Chemba Arisi Thengai Paal Payasam Recipe- Red Rice Payasam
Chemba Arisi Thengai Paal Payasam Recipe is a delicious creamy payasam made with Chemba rice (Kerala Red Rice/ or Matta Rice), coconut milk and jaggery. This is a healthier twist to the traditional paal payasam . Make this quick and easy recipe to serve in a sadhya or as a dessert for a party or any festival like Onam, Tamil New Years Day or Varamahalakshmi.

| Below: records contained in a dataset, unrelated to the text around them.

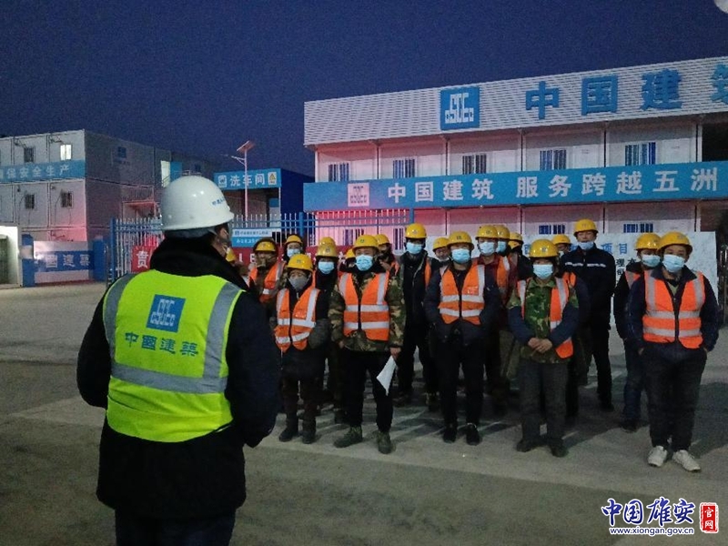 清晨,项目相关负责人正在给工友们进行班前教育。中国雄安集团公共服务管理公司供图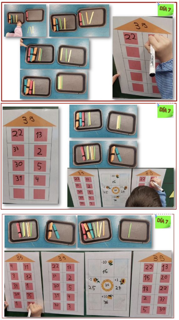Día 7: el calendario pide la descomposición del número 35 de todas las formas posibles, al encontrarnos en el 1 trimestre de 5 años, sólo hacemos algunas descomposiciones utilizando dos bandejas con palitos, el modelo de la casita y la técnica de darle la vuelta como aplicación de la propiedad conmutativa.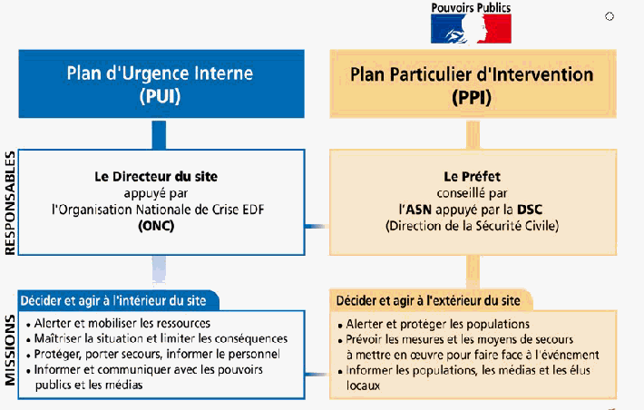Lors du déclenchement d’un des deux plans d’urgence interne, au niveau local, un poste de commandement est mis en place pour ramener le plus rapidement possible la centrale dans un état sûr et pour limiter les différentes conséquences possibles sur l’environnement et sur l’Homme. Alors qu’au niveau national, lorsqu'un des deux plans est déclenché, des experts spécialisés dans la gestion des situations d’accident interviennent. Les pouvoirs publics sont d’abord prévenus puis les médias et le grand public le sont à leur tour.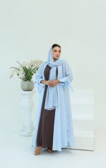 Open sky blue abaya made from Turkish fabric, accompanied by a brown inner dress crafted from Turkish CY fabric, paired with a matching sheila for a calm and feminine look full of elegance.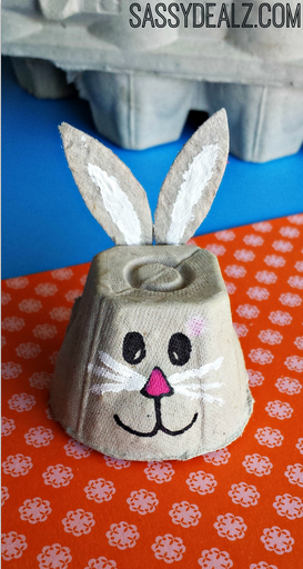 Klipp ut en botten och vänd den upp och ner. Måla kaninen och fäst fast två öron. Källa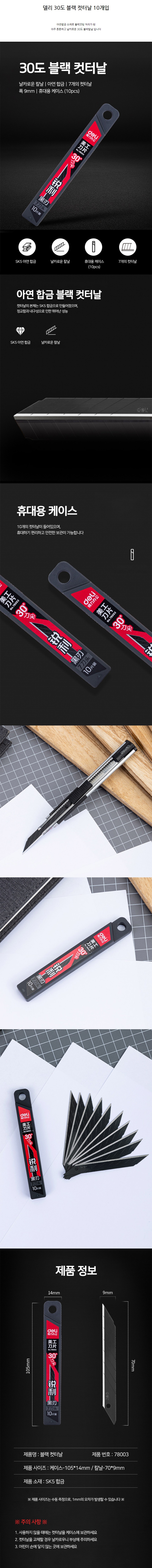 [델리] 코팅 블랙커터칼 30도 커터칼날 소형 10개입

Chemba Arisi Thengai Paal Payasam Recipe is a creamy and delicious payasam recipe with traditional South Indian flavors of rice, jaggery and coconut milk. This Thengai Paal Payasam recipe is made with Chemba rice which is also called as Red Rice or Matta Rice.
Chemba rice has a unique earthy flavor and when combined with jaggery and coconut milk and cardamom tastes absolutely divine. Chemba rice is not an overload of carbohydrates and so this Payasam made with chemba rice can be enjoyed by even those who are diabetic as Chemba rice helps reducing type 2 diabetes. Chemba Rice is also a good source of magnesium, calcium and Vitamin A and B. Include Chemba rice in your daily diet to stay healthy.
Serve Chemba Arisi Thengai Paal Payasam as a dessert with a meal of White Pumpkin Mor Kuzhambu , Steamed Rice and Kerala Style Karamani Thoran.
You can try other Kerala payasam recipe such as :
- Paal Payasam Recipe - Rice Kheer/Pudding
- Mango Payasam Recipe-Mambazha Payasam - Onam Special
- Ada Pradhaman Recipe With Homemade Ada- Kerala Special Payasam
- 1 cup Red matta rice
- 3 1/2 cups Water
- 1/2 cup Jaggery
- 1 teaspoon Cardamom (Elaichi) Pods/Seeds
- 1 cup Coconut milk
- 1/4 cup Water Seasoning
- 1 tablespoon Ghee
- 12 Cashew nuts
- 2 tablespoons Dry coconut (kopra) , cut into small pieces
How to make Chemba Arisi Thengai Paal Payasam Recipe- Red Rice Payasam
To begin making Chemba Arisi Thengai Paal Payasam first wash Chemba rice well in water and soak for half an hour.
Add soaked rice in a pressure cooker and add three and a half cups of water.Pressure cook rice for five whistles to get soft well cooked rice.
While the rice is getting cooked keep a saucepan on medium flame add one fourth cup water and half a cup of jaggery and let the jaggery melt.This will take about five minutes on medium flame. If you like your payasam to be more sweet then u can add more jaggery.
Open the pressure cooker and mash the rice lightly using a potato masher or the back of a spoon.
Strain the jaggery water and mix it in with the rice. Add the cardamom powder to rice and jaggery mix. Simmer the rice and jaggery mixture for about 5 mins and add coconut milk.
Simmer till the Chemba Arisi Thengai Paal Payasam becomes thick and creamy in consistency - about 5 minutes.
In a tadka pan add ghee and once the ghee is hot first fry cut coconut pieces till it turns light brown in colour and then add cashew nuts in the pan and fry till they turn golden brown.
Add the fried cashew nut and coconut pieces to the Chemba Arisi Thengai Paal and serve hot.
Serve Chemba Arisi Thengai Paal as a dessert with a meal of White Pumpkin Mor Kuzhambu , Steamed Rice and Kerala Style Karamani Thoran for a delicious weekend lunch.